Published in the Huffington Post Wednesday September 14, 2016
The Trans-Pacific Partnership trade deal, if ratified, would have a massive impact on many parts of Canadian society, from auto manufacturing, to farming, to the price of medications, to our digital rights, and many other areas.
That’s why, ever since the deal was dumped on Canadians almost a year ago by the Harper government in the dying days of its mandate, Unifor and other unions and progressive groups have been demanding a full and independent review of the deal and its impact on Canadians.
A full review would enable Canadians to weigh the merits and risks of the TPP, adding critical analysis to cross-country consultations. From there, elected representatives could make an informed decision on whether to ratify the TPP. Shortly after being elected, the Trudeau government promised such a review.
Instead, what has transpired so far falls short. Released last Friday by the Office of the Chief Economist, the report is too short and too shallow to be of any real use. To take such a massive and comprehensive trade deal, such as the TPP, and reduce it to a few pages on a website serves little purpose.
With the expected huge impact the TPP will have on the future of the auto sector– currently the focus of Unifor’s contract talks with the Detroit Three – as well as on Canada’s health, environmental, social and industry policy the release of a report with so little information is particularly disheartening.
Too much is left out. There is no look at intellectual property rights and what the deal means for drug prices or the potential for setting up a much-needed Pharmacare program in this country. The impact on supply management, and what that means for dairy farmers, processors and the milk we drink is also only partially addressed.
There is no look at the high-tech sector, often touted as the future for our economy, or the impact of patent laws on that industry.
Most worrisome, the review doesn’t look at the TPP’s onerous Investor State Dispute Settlement system, which would allow corporations to sue government if its policies affect profits. That raises frightening questions about the implications for environmental, safety and health laws (to mention a few) that future governments might want to implement.
Where the study does look, there is little to like about the TPP.
Friday’s report predicts anemic GDP growth of 0.127 per cent by the year 2040 due to the TPP. As small as that is, it’s more than others have predicted. The pro free trade C.D. Howe Institute, for instance, predicted 0.02 per cent by 2018, while the World Bank predicted 0.08 per cent by 2035.
On auto, the review says there will be some drop in both production and investment dollars, but tries to minimize the impact by saying any increase in imports from Japan would be largely offset by a decline in imports from NAFTA countries as NAFTA preferences decline.
This is hardly a win for Canada. And it seems overly optimistic and not at all consistent with the analysis of others.
A study by John Holmes and Jeffrey Carey of Queen’s University in July, for example, found that the TPP would put the Canadian automotive industry at risk, undermining the competitiveness of assembly and small and medium-sized auto parts plants.
For good reason, the auto parts manufacturers in this country worry that the TPP will hit their industry hard, thanks to lax rules of origin regulations and rapidly disappearing tariffs with Japan (much faster than for the U.S.).
Perhaps most concerning is that the study fails to address the question of how the TPP will affect Canadian jobs. That’s because the study uses an economic modeling approach that has come under severe criticism for its unrealistic underlying assumptions – which tend to boost the perceived GDP gains of any trade deal.
How unrealistic is the model?

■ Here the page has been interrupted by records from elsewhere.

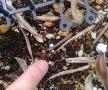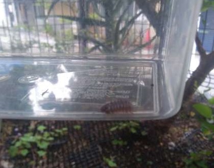 4月21日のお昼2時ころ、家のさくらんぼの木にとまっていたてんとう虫と、さくらんぼの木の根っこあたりにいたダンゴ虫。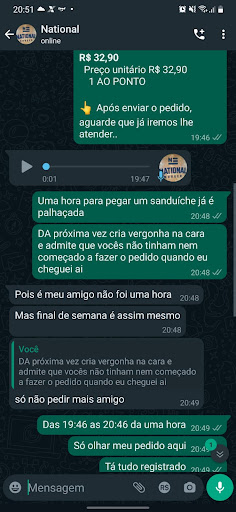 Um dos piores atendimentos que eu já recebi. Fiz um pedido pelo app, e após 30 minutos de atraso, fiz contato pelo chat para verificar se havia ocorrido algum contratempo, e fui informado que o pedido já havia saído. Informação que eu já tinha verificado pelo app, então foi mencionado que iriam ligar para o motoboy para entender o que houve. Aguardei alguns minutos e sem resposta, então liguei no estabelecimento, expliquei o houve, com toda educação, e o atendente simplesmente disse que meu pedido havia saído. Então eu perguntei se ele poderia fazer contato com o motoboy, pois já estava com meia hora de atraso, com relação ao previsto. A previsão quem fornece é o estabelecimento ! Então ele diss que o motoboy não saiu somente com o meu pedido. Respondi a ele, que então deveriam alterar o prazo de entrega no app. O atendente não moveu um centímetro para encontrar uma solução. Mandou eu cancelar o pedido e ainda desligou na minha cara, duas vezes. Péssima experiência, não indico e não desejo...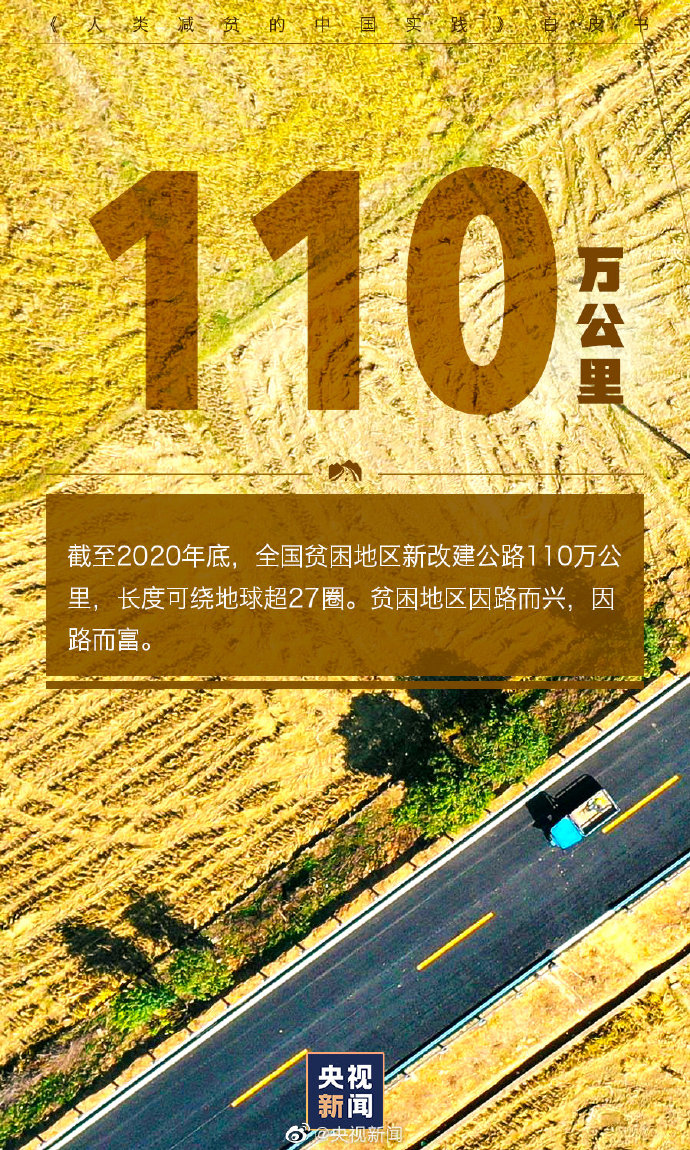 截至2020年底,全国贫困地区新改建公路110万公里、新增铁路里程3.5万公里,贫困地区具备条件的乡镇和建制村全部通硬化路、通客车、通邮路,贫困地区因路而兴、因路而富。

It assumes job losses, exchange rate fluctuations and technological advancements won’t happen. In other words, the study doesn’t seek to determine how TPP will affect jobs in Canada, because it assumes no one can be laid off.
It is unsettling that any proper analysis of the TPP would choose to ignore the fundamental question of jobs.
The risks from the TPP are simply too high to justify the paltry gains that even an overly optimistic review can offer. This review should be treated as just one contribution to Ottawa’s TPP consultations, continuing to the end of October.
It is one among tens of thousands of other informed opinions on this deal. Our elected representatives need to give each of them careful consideration. The stakes are too high to do otherwise.